Conventional wheelchairs include side frames and a seat assembly supported by the side frames. Drive wheels and front casters are attached to the side frame. The drive wheels may be driven by the wheelchair occupant or by an electrical motor. Anti-tip wheels are often provided rearward of the drive wheels. The anti-tip wheels are adapted to engage the ground to prevent the wheelchair from tipping over.
The drive wheels, casters, and anti-tip wheels of traditional wheelchairs are rigidly attached to the side frames. Rigidly attached wheels and casters typically fail to maintain contact with the ground as the wheelchair negotiates obstacles or irregular ground surfaces. Moreover, such wheels and casters provide an abrupt jolt to the wheelchair occupant as the wheels and casters engage the ground.

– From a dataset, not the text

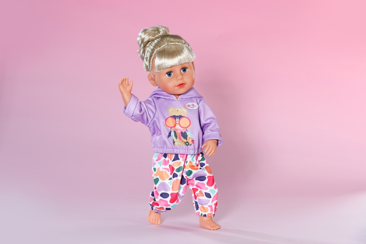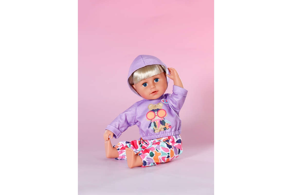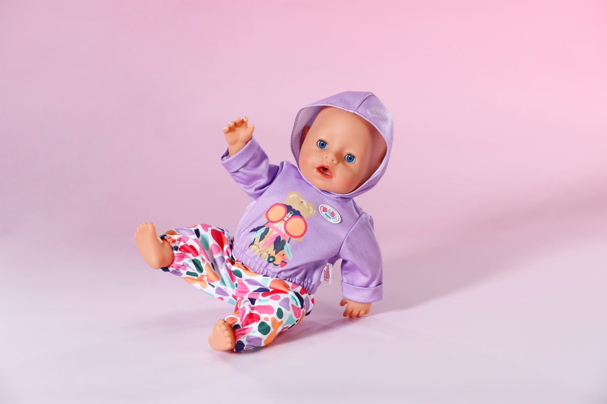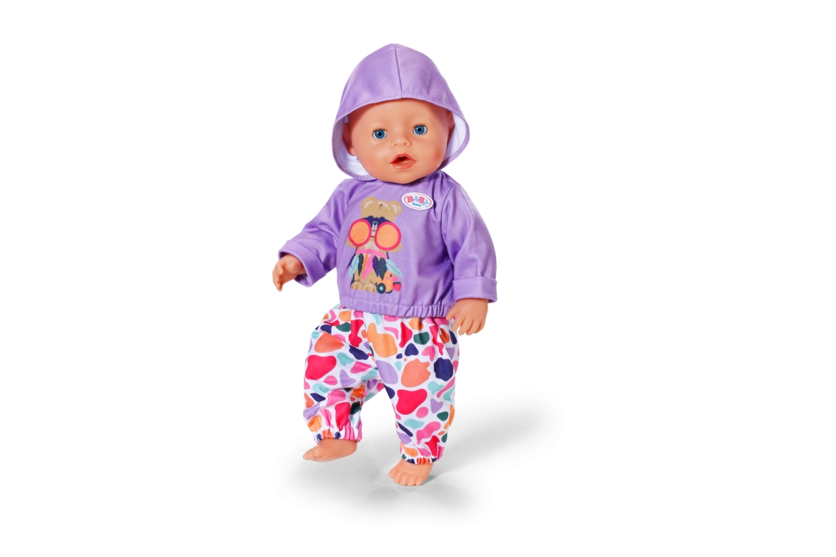 Oblečení velikosti 43 cm. Sada obsahuje fialovou mikinu a barvné kalhoty. Věk 3+..

To overcome this problem, pivotal suspension members have been provided for supporting the wheels and casters. Such suspension members are adapted to pivot about a common transverse axis to permit the wheels to maintain contact with the ground. The suspension members may be spring-biased to absorb shock and provide greater comfort for the wheelchair occupant. In addition to absorbing shock, the spring-biased suspension members further insure that substantially all the wheels and casters maintain contact with the ground. Some suspension members provide variable rate resistance to movement. The resistance progressively increases as the suspension members move. The rate of resistance may increase non-linearly. It is well known to use elastomeric elements to bias suspension members. The elastomeric elements cooperate with the frame and suspension members to resist rotational movement of the suspension members.
While the advancements in suspension members have progressed towards maintaining ground contact, such advancements have limited application. Maintaining ground contact is still a problem when negotiating obstacles or irregular ground surfaces because of the passive movement of the suspension members. The passive movement has a limited effect on improving the traction of the drive wheels.
What is needed is a wheelchair suspension system that has suspension members interacting to positively urge the drive wheel suspension members into contact with the ground and thus improve the traction of the drive wheels.